▶ _WORK ITEM_:
Counting only the lines below that contain the word "dels", what is the total? Give it with no other words.

━━━━━━━━━━━━━━━━

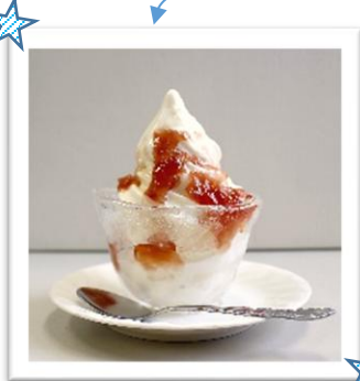
④⑥みずの森オリジナル フラワーソフト ¥600
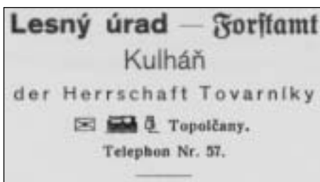
Označenie firemnej korešpodencie sídla lesnej správy
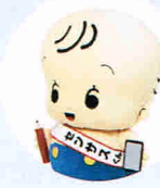
国勢調査 イメージキャラクター センサスくん
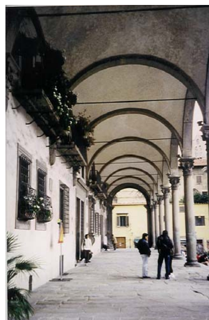
Fig. 3.63. Pòrtic de la plaça de l'Hospital dels Innocents, a Florència

No es poden deixar d'esmentar els espais intermedis que acompanyen la transició entre espai públic i privat: aquest desplaçament, en un moment o altre, es fa per algun espai intermedi. En aquest punt, caldria tractar de nou l'àmbit dels espais borrosos entre l'espai públic i el privat, és a dir els espais intermedis de la ciutat, tan importants a les nostres ciutats mediterrànies —com és el cas històric de l'àgora, els pòrtics urbans, etc. Tanmateix, tot i haver estat tractats de passada anteriorment, no es pretén aprofundir-hi. Aquest tema ja és per si mateix motiu per a un estudi molt més ampli, que si bé aquí es pot apuntar, queda per a altres treballs amb una visió més urbana del fenomen, alguns dels quals potser ja s'estan desenvolupant actualment.
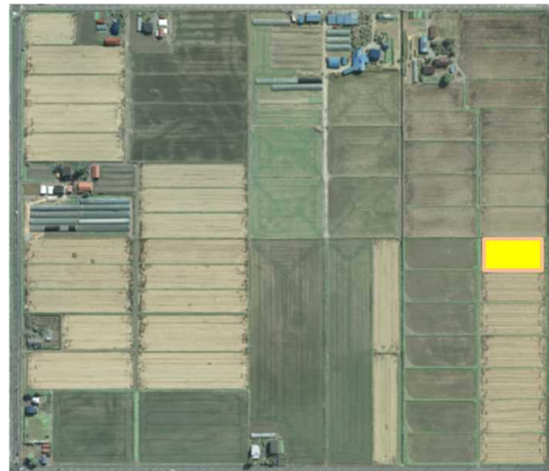
整備前 (現況区画 0.3ha~0.5ha)
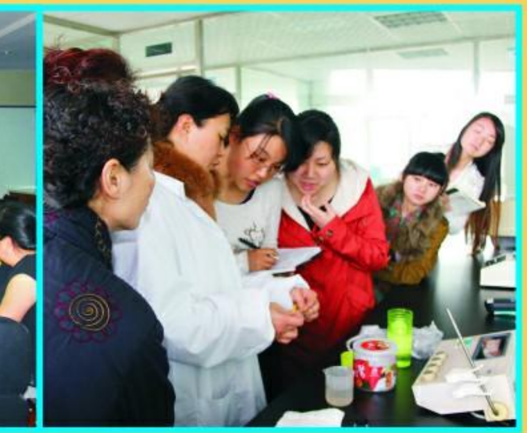
晚报记者和十方庵社区代表走进水厂
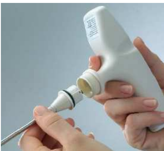
Łatwa do wymiany głowica sondy
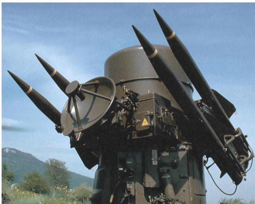
Waffensystem Rapier: Noch bis Ende 2022 einsatzbereit.
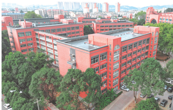
贵州电子信息职业技术学院贵阳校区。
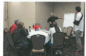
米国での講演の様子

2017年11月に米国で開かれたハサミ業界のコンベンションでは日本メーカーで唯一の招待を受け、「日本の理美容ハサミの製造技術の高さ」の講演、修理技術を米国人へ指導する等、日本の鋏職人の技と心を世界発信している。現在は市場調査を踏まえ、米国に向けた情報発信や商品開発も推進中。
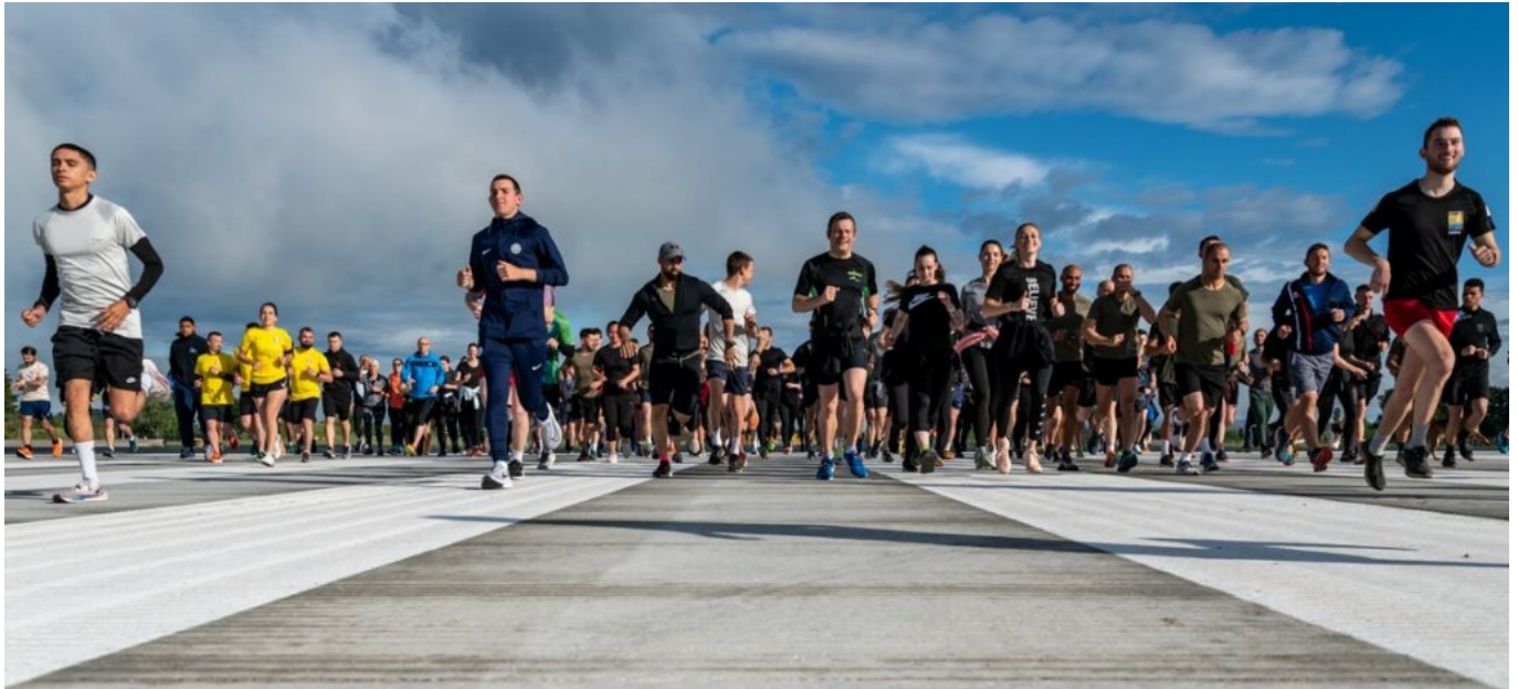
Les participants à la course sur la piste de la base.

━━━━━━━━━━━━━━━━

▶ _RESPONSE_:
2